Выбрать главу

«— А кто эта, с косами? Москвичка…

— Доброва Александра Филипповна. По делу Даниила Андреева, знаете это дело?

— Ну кто в Темниках про него не слышал!

— Расскажите.

— Даниил Андреев, сын писателя Леонида Андреева, младший. Его мать, "дама Шура", как назвал ее Горький, умерла родами, и он остался у ее родных, у доктора Доброва. Не из тех ли она Добровых?

— Вероятно.

— Написал этот Даниил роман. За роман сели не только те, кто его читал или слушал, но даже сапожник, который чинил Даниилу ботинки, зубной врач, у которого он лечился, словом, около двухсот человек. Получили от 10 до 25 лет. Я про это слышала еще в тюрьме, а месяца два назад сюда прибыла с 13-го Алла, его жена, работает художницей в КВЧ <культурно-воспитательная часть>.

— По одному делу с Добровой? Как же их соединили?»[7]

А.Ф. Доброва-Коваленская не дожила до освобождения, умерла в лагере, ее муж Александр Викторович Коваленский добился разрешения привезти из Потьмы гроб с прахом жены. Урну с ее пеплом похоронили в Добровской могиле на Новодевичьем кладбище.

Сам Даниил Андреев, пройдя Владимирскую тюрьму, был освобожден в апреле 1957 года, будучи уже тяжело больным, умер в Москве 30 марта 1959 года. Вернувшись из лагеря, Александр Коваленский, абсолютно больной, жил на даче уже покойного академика Веселовского в Луцине. Его приютила Ольга Бессарабова.

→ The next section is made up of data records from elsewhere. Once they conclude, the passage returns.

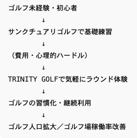 ゴルフ初心者が持つ課題を解決するため、定額制でゴルフラウンドを楽しめる「トリニティゴルフ」と、初心者向けゴルフスクール「サンクチュアリゴルフ」が連携、以下のサービスをそれぞれの会員様に提供して参ります。
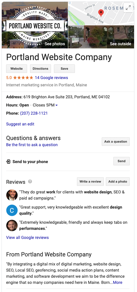 Direct Searches: When someone performs a direct search and only one listing pops up in the Knowledge graph on the right. For example, Portland Website Company in Portland ME or (since this is only a one-location business) Portland Website Company.
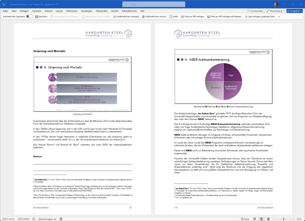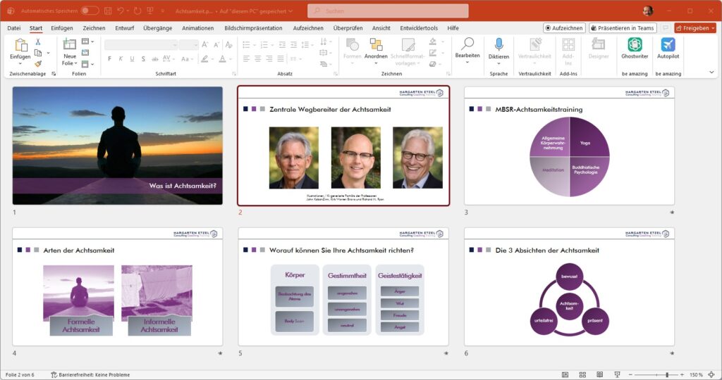 Denn Achtsamkeit ist die Fähigkeit bewusst und ohne Wertung den gegenwärtigen Augenblick wahrzunehmen. So schaffen Sie einen bewussten Abstand zu gewohnten und unbedachten Emotions-, Gedanken- und Reaktionsmustern, reduzieren Stress und Druck und eröffnen Freiräume für alternative und optimierte Handlungsoptionen.
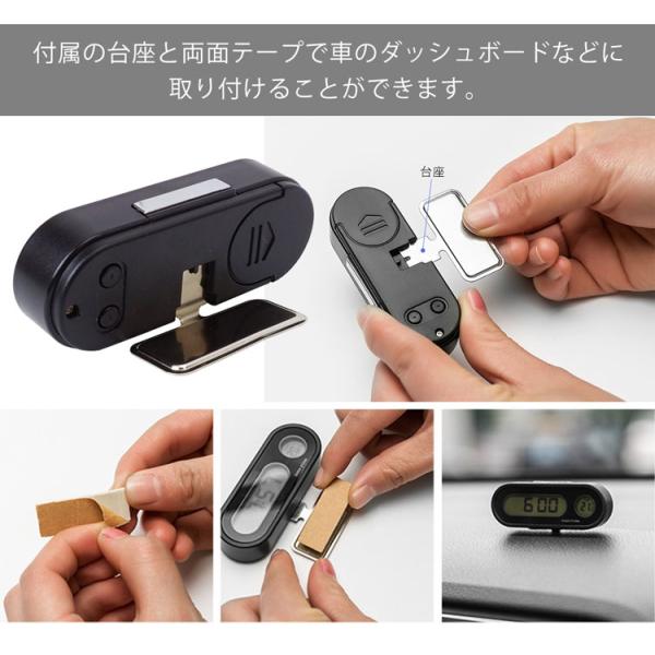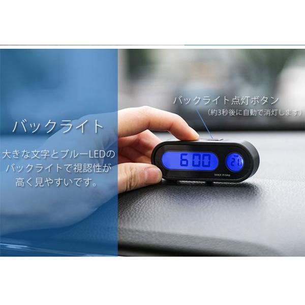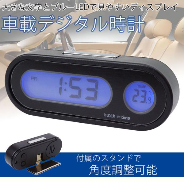 車載 デジタル時計 温度計 スタンド 両面テープ 簡単設置 電池式 ブルーLED バックライト 小型
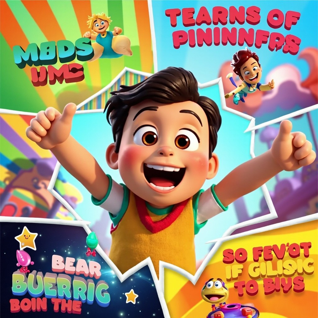 Main: High-energy 3D animated kids video. Cheerful cartoon child leading positive affirmations, dancing, jumping, clapping, pointing at camera. Bright colors, smooth animation, expressive face. Fast scene changes: playground, rainbow, classroom, candy land, outer space. Character speaks and sings with excitement, encouraging kids to repeat. Dynamic camera, quick zooms, slight shake, playful transitions. Bold colorful subtitles with emojis. Fun, engaging, motivational, viral YouTube kids style. Negative: slow, boring, dark, realistic, dull colors, low energy, static camera, plain background, text errors, blurry, distorted, extra limbs, low quality.
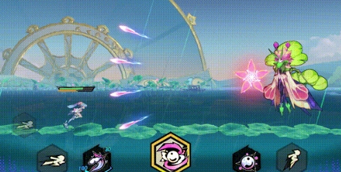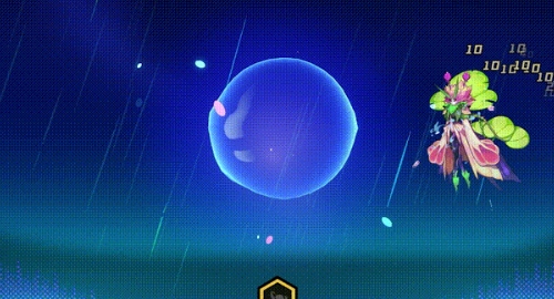 技能效果:召唤幸运水浪,凝结成超级泡泡糖。泡泡糖破裂后形成无数水波泡泡,命中敌人时造成水元素伤害,自身接触则回复生命值。
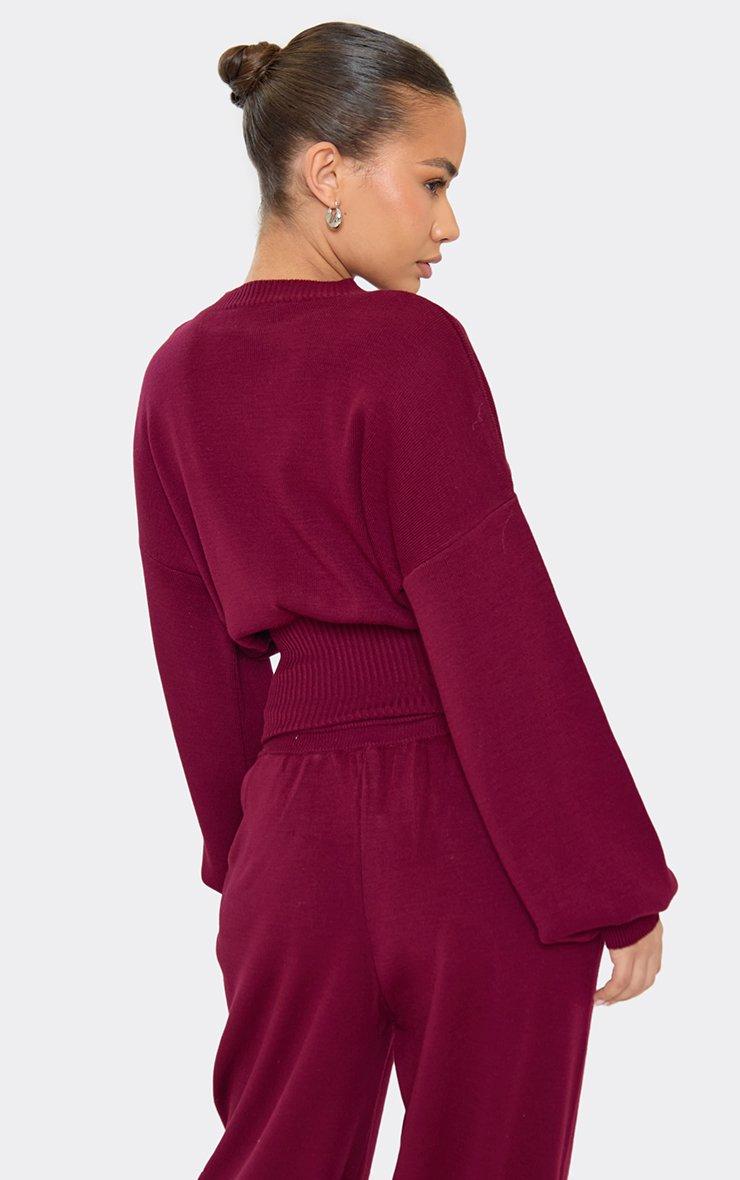 Balloon Sleeve Button Down Cardigan In Burgundy Knit

Незадолго до этого умер С.Б. Веселовский. В конце жизни он был очень одинок. «Вокруг отца существовал какой-то вакуум, отсутствие друзей, коллег, среды, — вспоминает A.C. Веселовская. — Степан Борисович Веселовский скончался 23 января 1952 года в Москве и похоронен на Введенском (Немецком) кладбище. Эпитафией на его памятнике избраны слова из пушкинского "Бориса Годунова": "Закончен труд, завещанный от Бога"»[8]. Ольга Александровна все последующие годы была погружена в дневники своего мужа (затем она передала их его сыну Борису). Степан Борисович Веселовский вел дневник с перерывами в 1915–1923 годы. Последняя запись — в 1944 году.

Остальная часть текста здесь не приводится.